Worse, I suspect she wanted to make sure that the publicity surrounding the hearing dealt with anything—anything—other than the merits of the legislation or the counterarguments made against it that day. Even if that “anything” meant ambushing a witness who showed up with the best of intentions and slandering her on national television.

Serious people don’t walk into a hearing about saving lives and look for excuses to make the narrative about something else. While Porter’s accusation is serious, she proved herself to be an unserious person. She is a politician, up for reelection, more concerned with sound bites than with substance.

And to be honest, I largely don’t care about her petty games.

I don’t really care that she, a law professor who knows better, slandered me in front of a national audience in a gross political stunt.

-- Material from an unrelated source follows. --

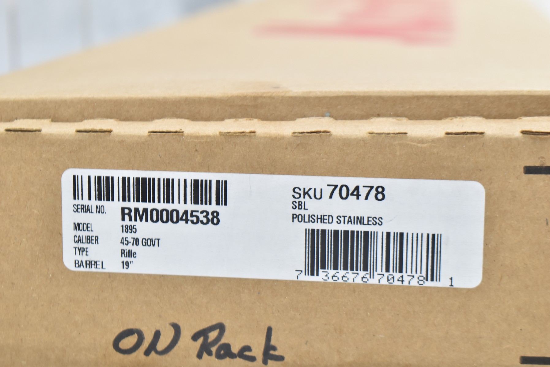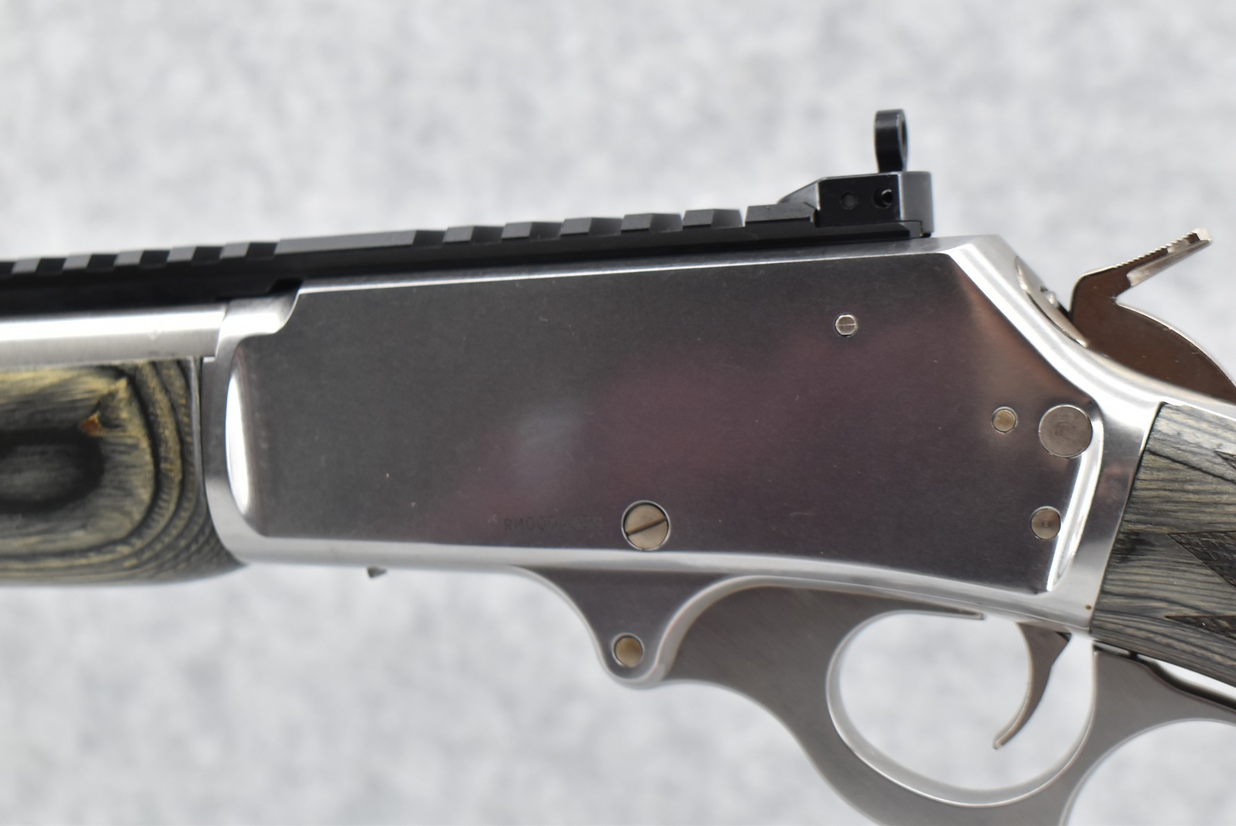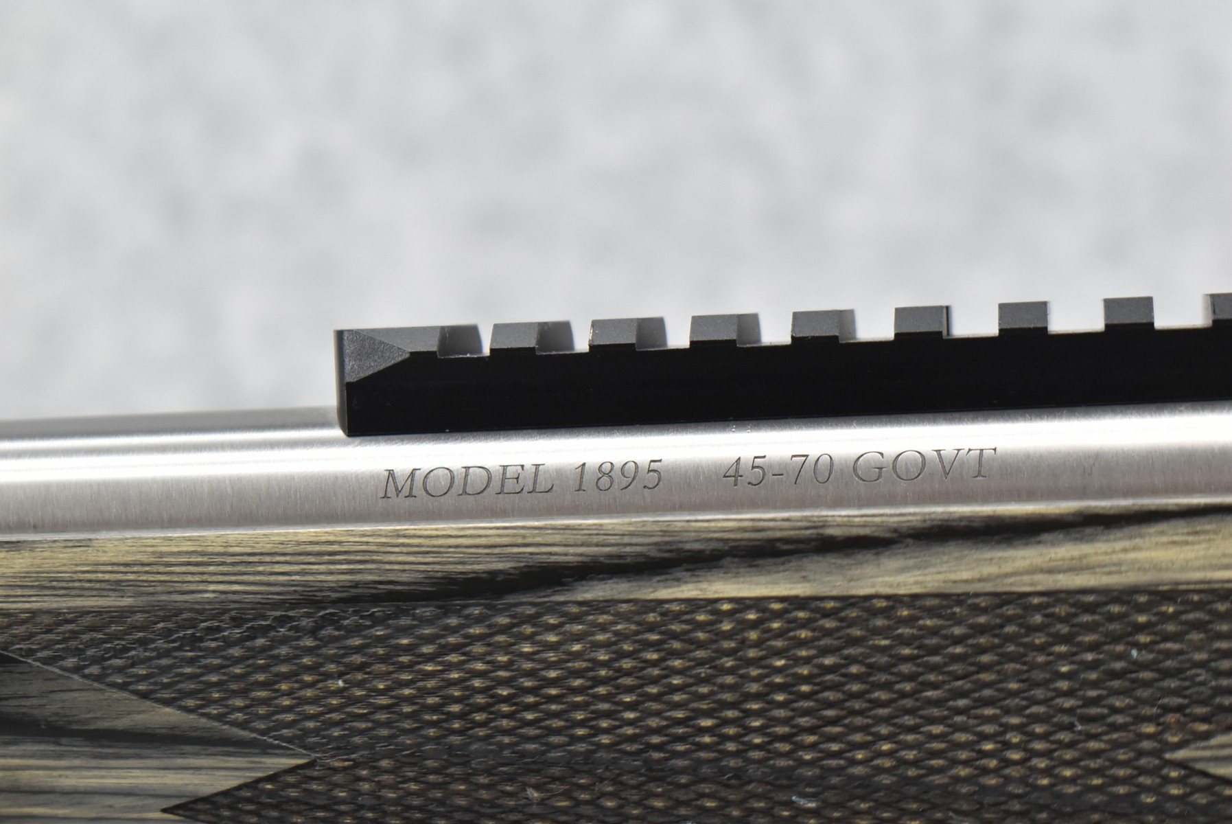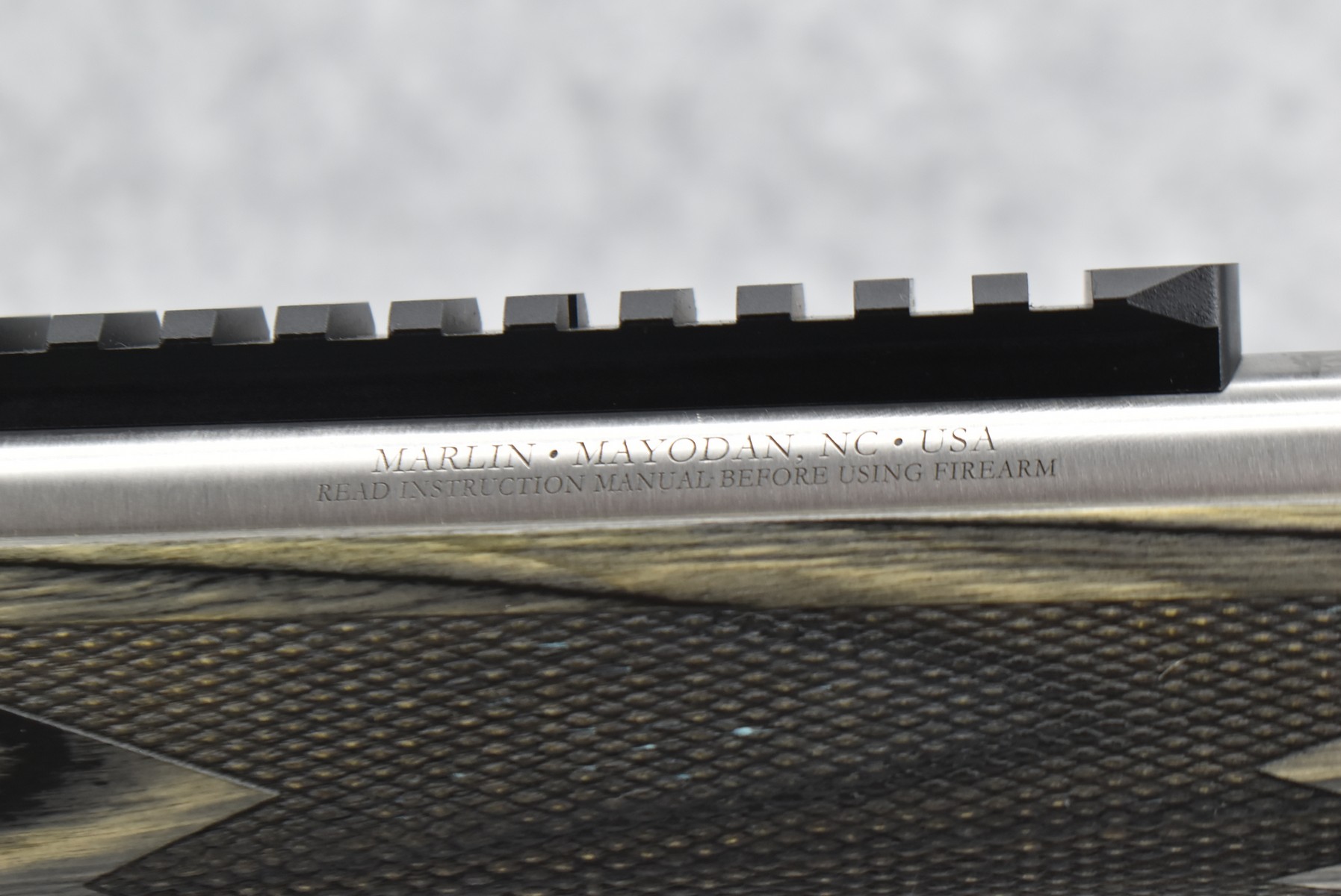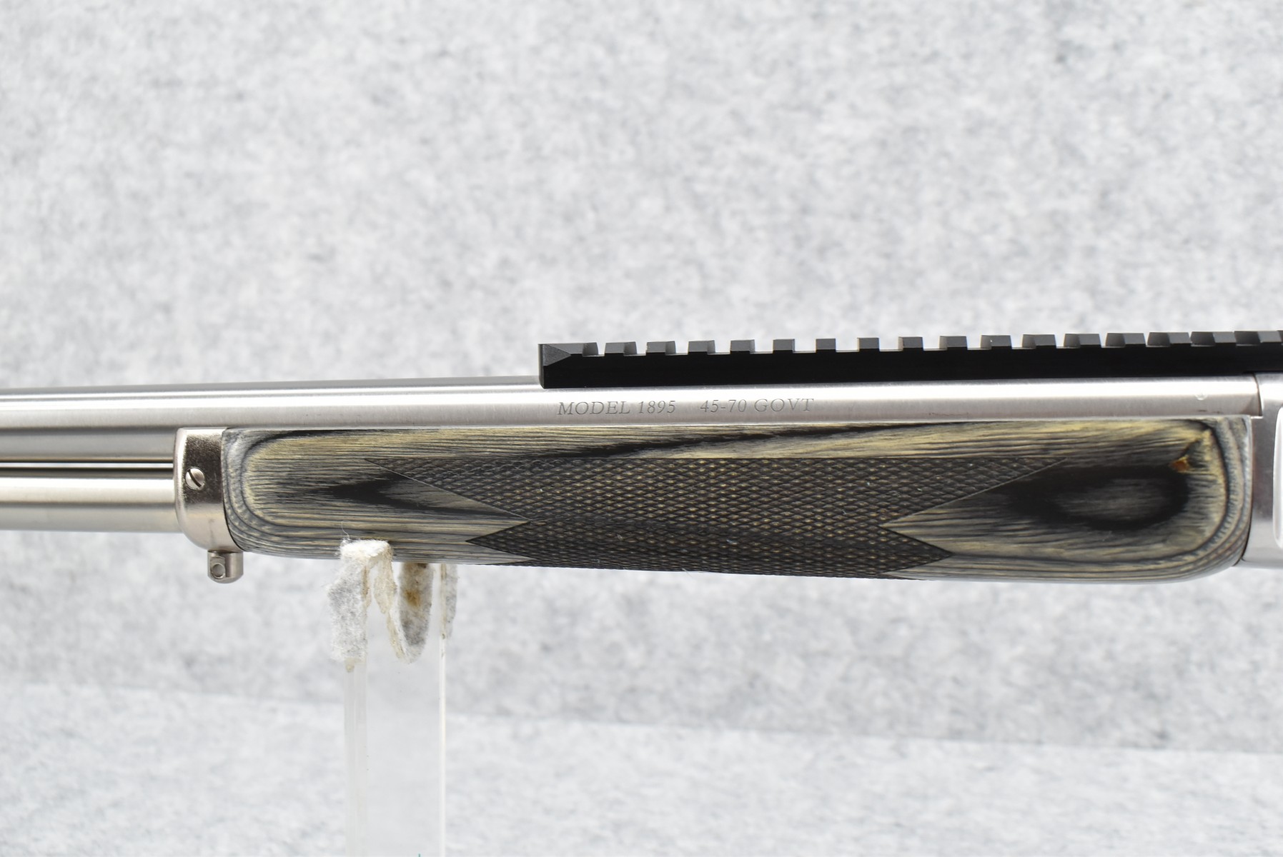 34R. Marlin – Mod. 1895 SBL – 45-70 Cal. Lever Action Rifle – w/19” Barrel w/Fiber Optic Front Blade & Rear Adj. Ghost Sights – Stainless Finish – w/Factory Checkered Pistol Grip Gray Laminated Wood Stocks w/Factory Recoil Pad – w/Picatinny Rail Mount – Unfired w/Factory Box, Manual & Ext. Hammer Spur

I don’t really care that her Twitter minions picked up on her cues and harassed me all day.

I don’t care nearly as much about her lies as I do about what her lies silenced.

The time she wasted on clickbait for a reelection campaign did not belong to her. It didn’t belong to me. It didn’t belong to the other witnesses.

It belonged to the victims of unspeakable tragedy, whose lives we all implicitly agreed to honor in that hearing room.

And for hours while the headlines focused on Porter’s cold, calculating gamesmanship, their voices were nowhere to be found.

That’s time we don’t get to reclaim.